La question du pourquoi et du comment
La question suivante, à savoir comment tout s’est formé, occupe Andrea Weibel depuis longtemps. À l’adolescence, il se posait la question suivante : « Pourquoi sommes-nous là ? Comment est-ce que tout cela fonctionne ? » D'où le fait qu'il aurait pu s’imaginer entreprendre des études de philosophie.
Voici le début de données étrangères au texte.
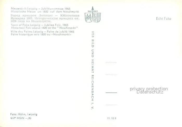 Leipzig Jubilaeumsmesse 1965 auf dem Naschmarkt Leipzig postalisch nicht gelaufen 1965 Erhaltung siehe scans [LiesaD40] LiesID40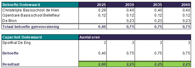De capaciteit voor bewegingsonderwijs in Dodewaard is ruim voldoende. Hoewel de behoefte in de toekomst zal toenemen door de komst van de nieuwe vestiging van De Bron, blijft de beschikbare capaciteit toereikend. De analyse laat zien dat er geen aanvullende maatregelen nodig zijn. De huidige situatie is voldoende toekomstbestendig.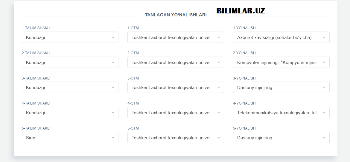 Tavsiya etamiz: Kunduzgi, sirtqi, kechki, imtiyorlar bo’yicha 2022-2023-o‘quv yili uchun o‘tish ballari
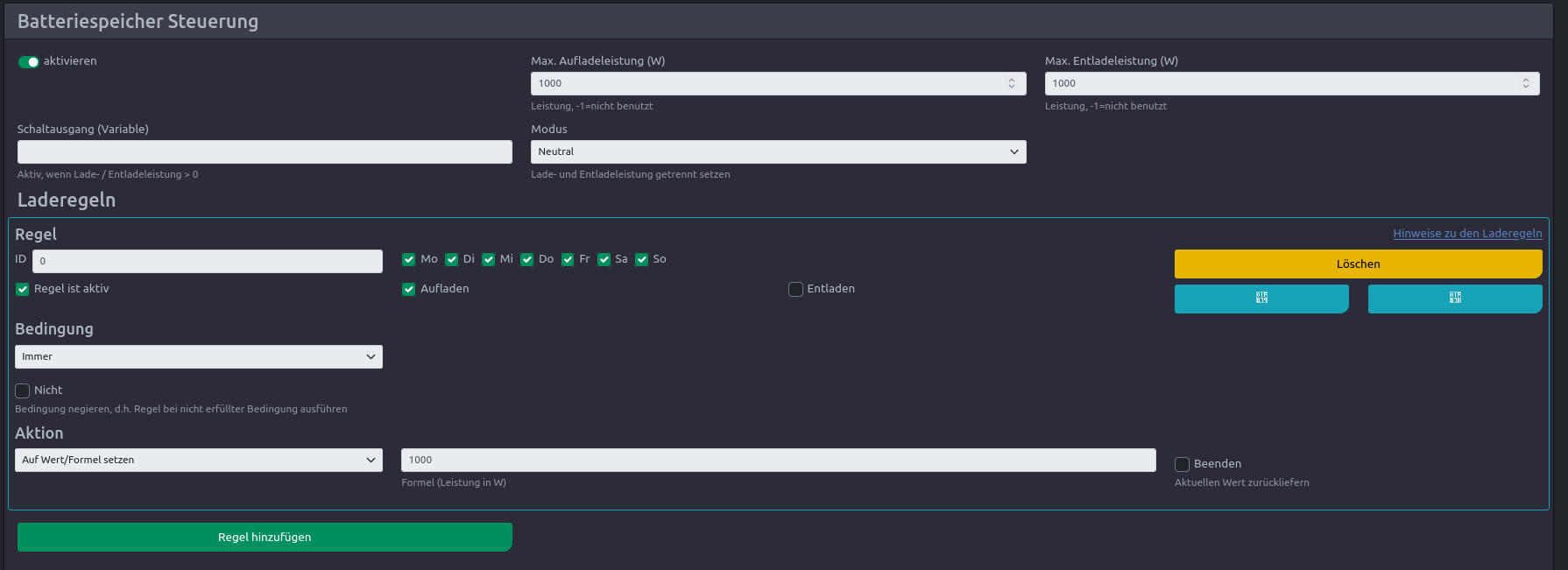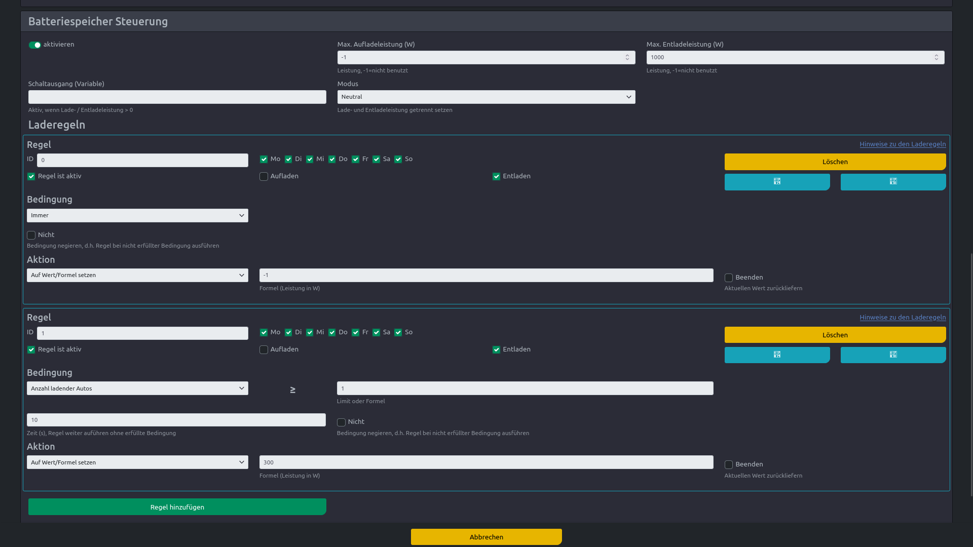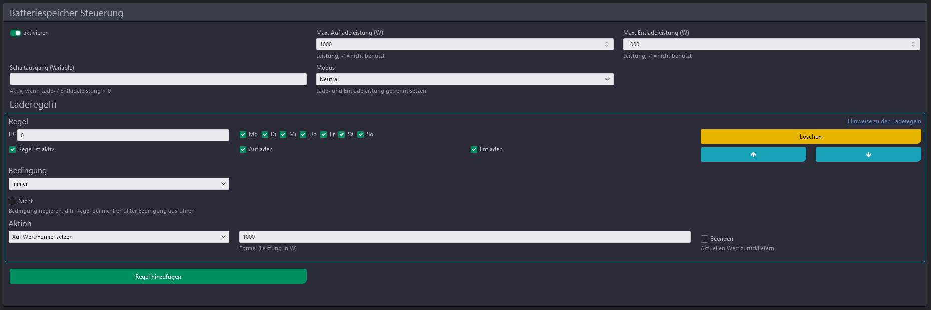 Hallo, im Anhang noch mal Zählerdefinitionen. Ich habe die Leistung in der inv angepasst. Außerdem habe ich zum testen eine Bat_st erstellt wo eine Akkusteuerung eingebaut ist. Vielleicht könntet ihr die auch mal testen. Dazu die Steuerung einschalten und wie im Screenshot eine einfache Regel erstellen. Dann sollte der Akku mit 1000W laden bzw entladen. Die Laderegel mit dem SOC des Autos würde funktionieren, wenn du den SOC irgendwie in die Wallbox bekommst. Bei der anderen bin ich unsicher. Da muss ich mal drüber nachdenken. markiert als Spam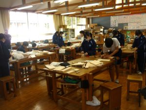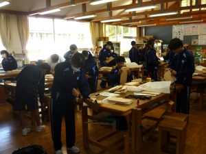 ◆さて、10/29のブログでは、技術科でかんなの使い方を学んだことを紹介しました。本日の技術科授業も木工でしたので、その様子を観るため木工室の扉を開けると⋯シャッシャッ、シュッシュッと心地よい音が耳に飛び込んできます。かんな、やすり、のこぎり、さらに言えばクランプや万力、直角定規やさしがねといった道具を使い、生徒たちが木材を寸法通りに整えることに挑戦していたのです。道具の奏でる音のハーモニーに、やはり “成長・進歩” を感じました。前回と比べれば、明らかに道具の使い方が上達しています‼️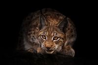 Lynx kijkt nieuwsgierig uit de duisternis (hinderlaag) zwarte nachtelijke achtergrond. een mooie kattenlynx zit op een steen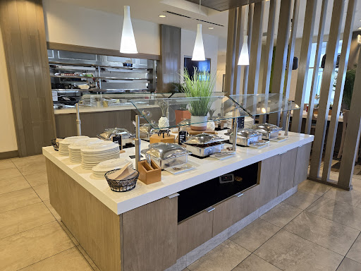 details: we interacted with several servers and the head chef during our stay. they were all friendly and helpful. when items were low on the breakfast buffet, they were relatively quick to refill. the only item on the breakfast buffet that are not on a typical Holiday Inn hot breakfast was the french toast bake. all of the other items -- bacon, scrambled eggs, turkey sausage, biscuits and sausage gravy, pastries, cereal, toast, etc. -- are commonly found but the chafing dishes were better than average. they did have a large dish of fresh fruit--grapes, melon cubes, fresh pineapple pieces, sliced strawberry. white and chocolate milk were available. chobani yogurt, too. the oatmeal was a bit on the watery/slimy side for me. they had brown sugar and other additions for the oatmeal. no pancakes or waffles for the buffet. they were on the menu option. i'd recommend reviewing the breakfast menu and looking at the breakfast buffet before making your choice. all that i had on the lunch/dinner menu was good, but overpriced. sandwiches from $15-19 apps from $12-18 salads, $12-19 pizza, $14-16 other entrees, $14-34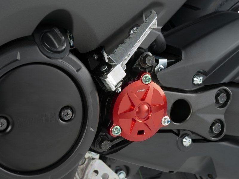 Tapa piñón Puig 8502R Hi-Tech Yamaha T-Max 530 2012/2016 Rojo. Nueva tapa de piñón Puig 8502R específica para la Yamaha T-Max 530 y que le da un toque de elegancia. Realizado an aluminio anodizado, la tapa de piñón Puig 8502R forma parte de una línea de accesorios llamada Hi-Tech y que Puig ofrece para personalizar las T-Max. Su instalación es muy sencilla. La tapa piñón Puig 8502 está disponible en 5 colores diferentes.

Toutefois, les expériences enrichissantes aux cours de physique lui ont particulièrement plu, raison pour laquelle des études en physique se sont imposées comme une évidence. « Mais elles ne m’ont pas particulièrement passionné. Le premier cycle des études était très technique. » C’est seulement pour son travail de bachelor qu’il a abordé l’astrophysique ; et il a eu le déclic : « Ça, c’est vraiment passionnant. » Il a quitté l’Université de Berne pour effectuer ses études de master à l’EPF de Zurich, parce que l’offre en astrophysique y était plus grande, puis il a pris la direction de Genève pour sa thèse de doctorat.
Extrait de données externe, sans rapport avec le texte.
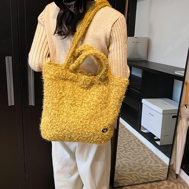 Осень и зима новая плюшевая мягкая восковая сумка на плечо сумка подмышку большая вместимость двойного назначения сумка-тоут для通勤 44*10*32 жёлтый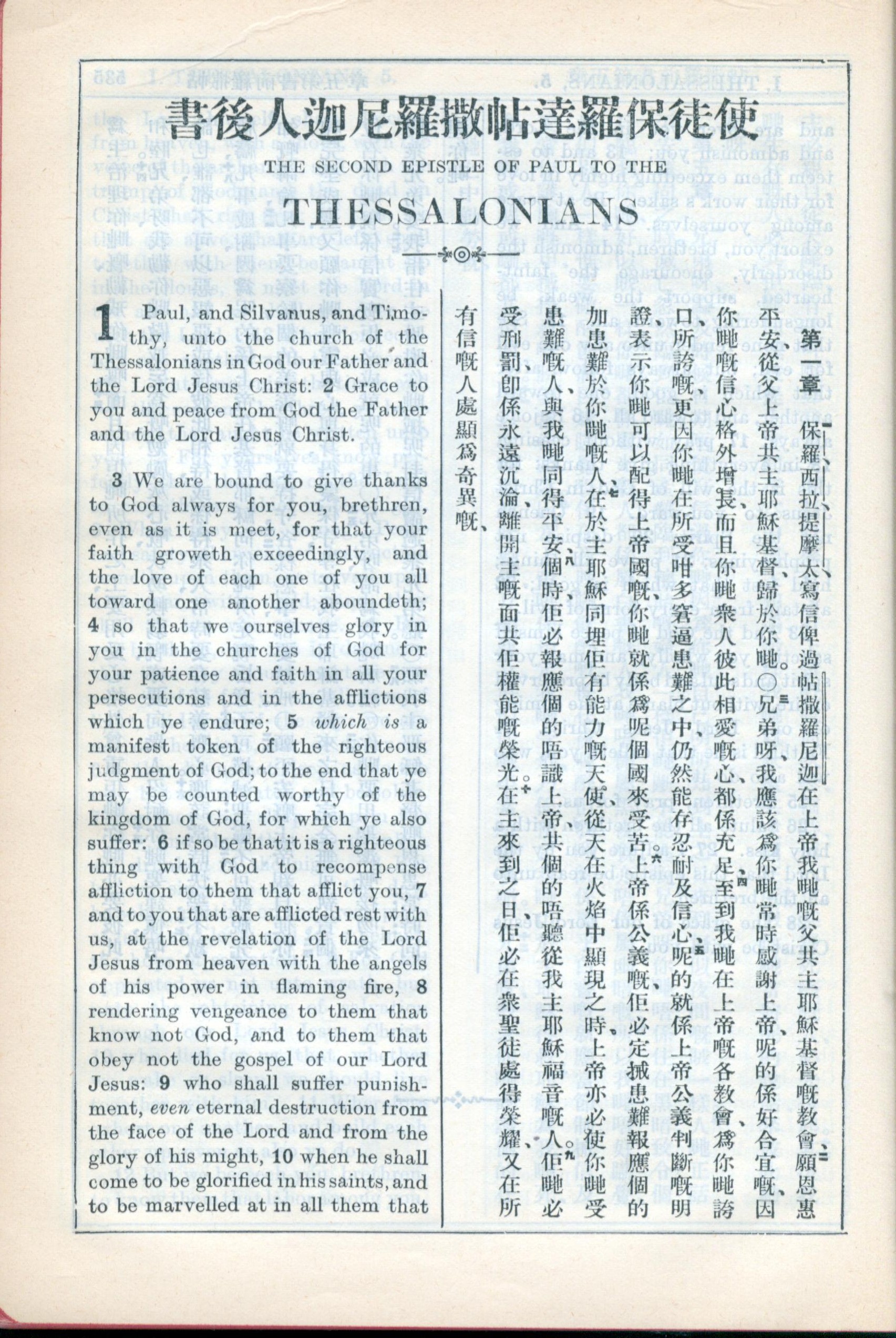 1931年新約全書廣東話新譯本與美國新譯英文 帖撒羅尼迦後書 1 章 1 節到 1 章 10 節

Malgré ces changements à l’intérieur de la Suisse, Andrea Weibel entretient une relation encore très étroite avec son lieu d’origine. Il a grandi à Matten près d’Interlaken dans un univers « très protecteur » et a un frère cadet. Ses parents n’ont pas de formation universitaire, mais l’ont toujours beaucoup soutenu dans son parcours scientifique. « J’ai eu une très belle enfance au milieu des montagnes et du lac », dit-il. Il n’a vraiment réalisé que bien plus tard qu’il avait grandi quasiment dans une idylle de carte postale. « Quand je me rends à Interlaken en train, je pense souvent : c’est vraiment très beau. » Il n’y a pas que la vue sur les montagnes, mais les discussions avec les gens qui n’ont rien à voir avec son travail l’ont aussi aidé à garder son équilibre. « La science est une bulle, affirme-t-il. Ça fait du bien d’en sortir. » En sortir, ça signifie pour lui pratiquer l’escalade de bloc avec ses amis, skier. Auparavant, il était aussi batteur dans un groupe de musique. « Mais je n’en ai plus le temps. »

Il souhaite rester en Suisse
Son emploi en post-doctorat à l’Université se termine cet été, ensuite il prévoit un séjour de recherche à Hawaï. Une opportunité autant qu’un défi. En effet, « j’ai toujours habité à Berne », explique-t-il. Malgré son emploi à Genève, il a une chambre et sa vie sociale à Berne où il passe aussi les week-ends avec son amie. « Je suis profondément enraciné ici », dit-il, « et je souhaiterais aussi rester ici à long terme. » Cela ne devrait pas impérativement être dans une institution académique. « Une pensée qui me tourmente parfois est que j’aimerais bien faire quelque chose qui ait un impact direct. Cela me manque quelquefois dans ce que j’ai fait pendant quatre ans ici, affirme-t-il. Même si je n’ai pas d’idée concrète, je suis persuadé que je peux appliquer les aptitudes acquises pendant mon doctorat aussi dans un autre domaine. »
En fin de compte, c’est peut-être ça qui le caractérise : ne pas toujours avoir une réponse concrète, mais poser les questions essentielles.